But the discharge is not completed because of improper discharge line.
So there is the remaining voltage around 1.1V, and it caused the abnormal operation at the power IC.

This abnormal operation make a voltage increasing of the SMR60, and it is the reason for the SMR60 Burnt.

After the SMR60 burnt, the D5V output voltage is increasing up to 60 Voltage, and it make a burnt of the AMP IC 
Solution :
Add the Load Resistor(220Ω 1/2W) in the SMPS to make a discharge line
The location of the resistor can be located at fixed area in the PCB
Resistor Location Number : SBR1, SBR2

Replace with a 470ohm 1/4w resistor.


----------



## Marmaladee (Sep 21, 2010)

Last note: 

BEWARE! 80 volts driving electric current across component 9U GBU605 SHS S801 is LIVE AND DEADLY EVEN AFTER POWER OFF... yeah 80 volts isn't deadly but you don't wanna go touching it. A shock can be received from the power supply chip by touching the solder underneath.

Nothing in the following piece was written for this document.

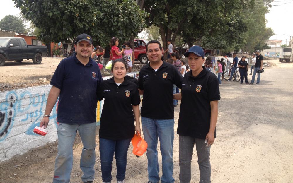 Los estudiantes de UDGVirtual, asesorados por el maestro José de Jesús Aceves y la doctora Rosana Ruíz Sánchez, coordinadora de la licenciatura en Seguridad Ciudadana, consiguieron que asociaciones civiles y empresas apoyaran la iniciativa y donaran pintura y alimentos, pues durante varios meses se han acercado a los habitantes de “La Ferro” y a sus problemáticas.

I had to ground the voltage with a massive conductor. Don't recommend starting soldering until the PSU chip is completely ground.

And to clarify: I replaced the burnt out resistor with a 470ohm 1/4 watt 5% tolerance resistor and it works fine.

Samsung design their products to self destruct like this, and make customers purchase new ones. Economies of scale.


----------